Prefix decrement in the backwards iteration being the fastest.
Bear in mind: these numbers are in nanoseconds, meaning the worst case scenario is 10000 (ten thousand) elements of variable size being iterated in 1.5 ms and the fastest being 1.3 ms - that is milliseconds.

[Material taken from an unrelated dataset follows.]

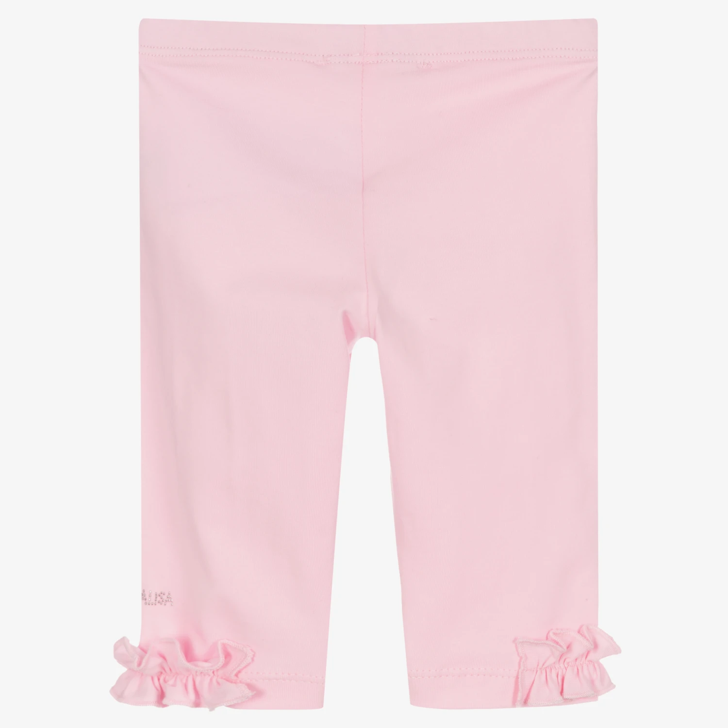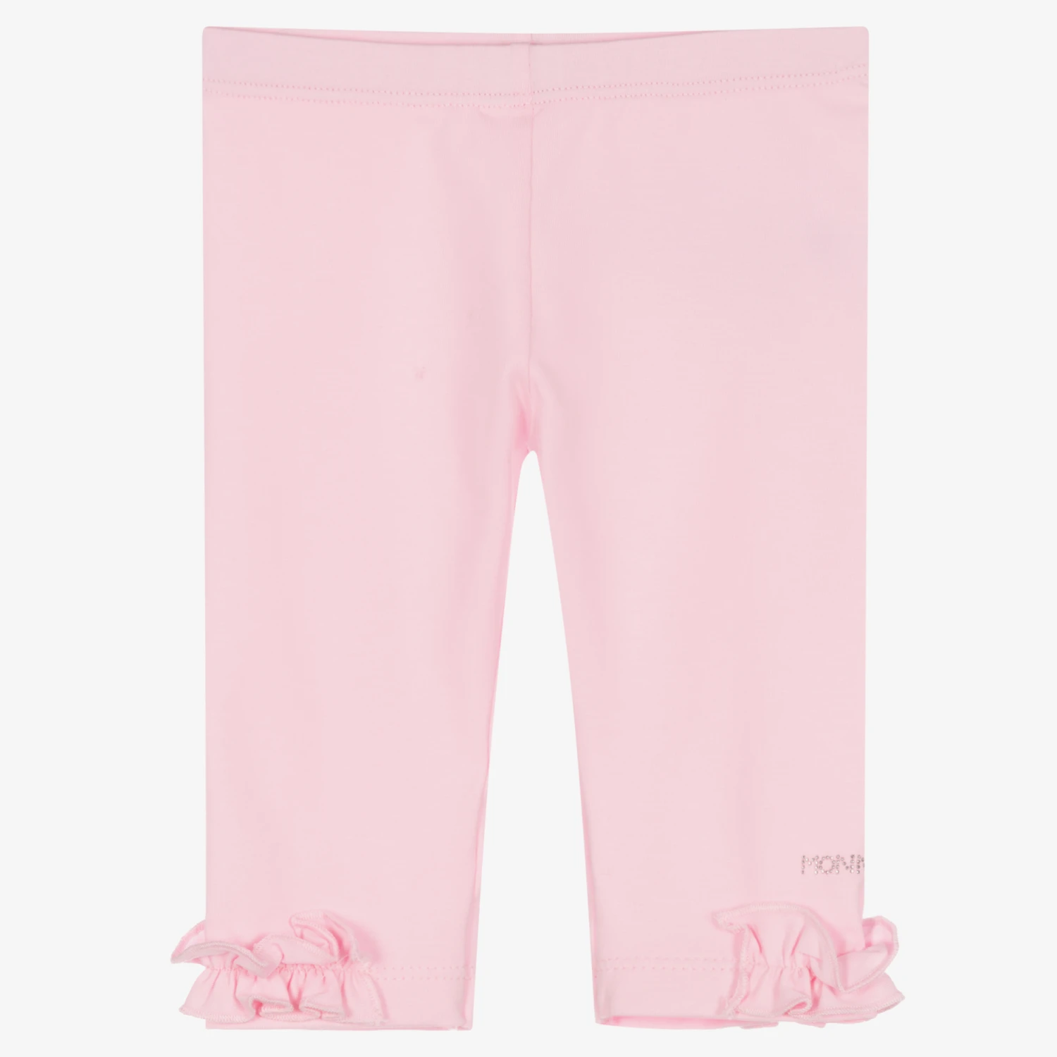 Pretty pink leggings for little girls by Monnalisa, trimmed with feminine frills around the ankles. Made in comfortable cotton jersey, they have a gently elasticated waist, with a sparkly logo on one leg for subtle designer touch
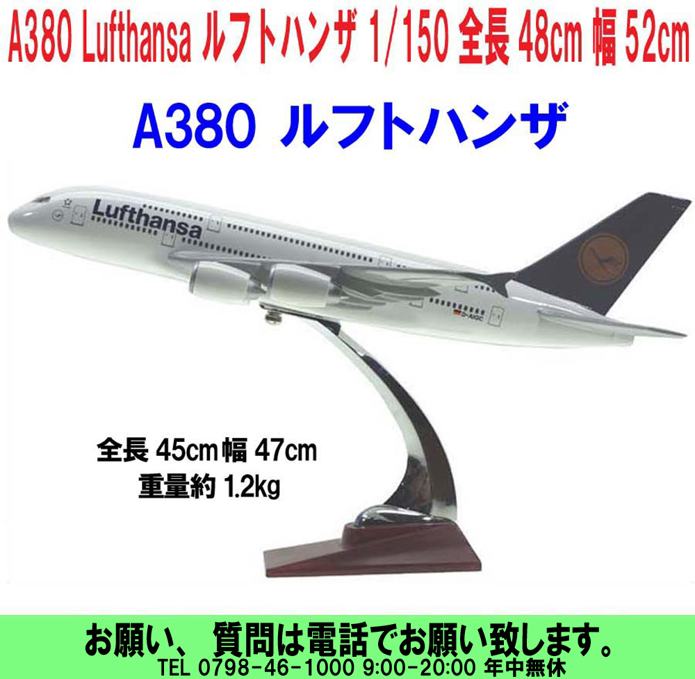 ■中国製 A380 ルフトハンザ 1/150模型 全長48cm 幅52cm 合成樹脂 金属スタンド付 新品 ■A380 Lufthansa の材質はプラスチックで、きれいな塗装仕上げです。 ■この模型に使用されているプラスチックは硬くて重量感がすこしありません。 ■プラスチックですのでぶつけても壊れたりはしにくいです。 ■全長48cm 幅52cmもありますので 展示しても、ど迫力があります。 ■箱も入れての総重量は約2,560gです。A380の重量は約1.2kgです。 ■中国製の為完璧な物は有りませんので気になる方のご購入はご遠慮下さい。 ■目立たない傷など有りますので、気になる方はご遠慮下さい。 ■輸入品の為、箱は少し傷んでおりますので気になる方はご遠慮下さい。 ■出荷時、当方で点検の上、出荷させて頂きますのでご安心下さい。 ■特殊な商品ですので分かる方のみご購入をお願い致します。 ■保障はありません。届いた時点で確認お願い致します。不良の場合交換致します。 ★★★ 参考 ★★★ 実機A380 (機体寸法) 全長:72.6メートル(シロナガスクジラ2頭分の長さ) 全高:24.1メートル(キリン5頭分の長さ) 胴体直径:7.1メートル 史上最大 850人ぐらい乗るそうです。 (エンジン) 4×ロールス-ロイス トレント970 ファン直径:3メートル 全長:5.3メートル全高 約6300キログラム (価格) 航空機エアバスA380ジェット機の価格 2億8000万ドル程度だそうです.(90円=252億円) ■メーカー希望販売価格 \45,000円+税 ■101015-R190LUF |

For comparison, rendering a frame at 120 FPS rate would take about 8.3 ms. And if you were to process some requests (in a client-server system), you would be able to handle 699 requests per second while iterating over this list.
So realistically, the way you iterate a vector of integers, any of these techniques would only really matter if you are working on a really high performance system.
That being said, this is all true while the vector elements fit in one CPU cache line or cache block, that is L1 and L2 caches.
So if the data element does not fit in a block of 64 B (or 128 B on some CPUs), the performance impact of backwards iteration is going to be more significant.
In this case we are talking about 8 ms vs 9.1 ms. In terms of FPS, the difference would be 125 FPS vs 109 FPS. Or about 15 requests per second more.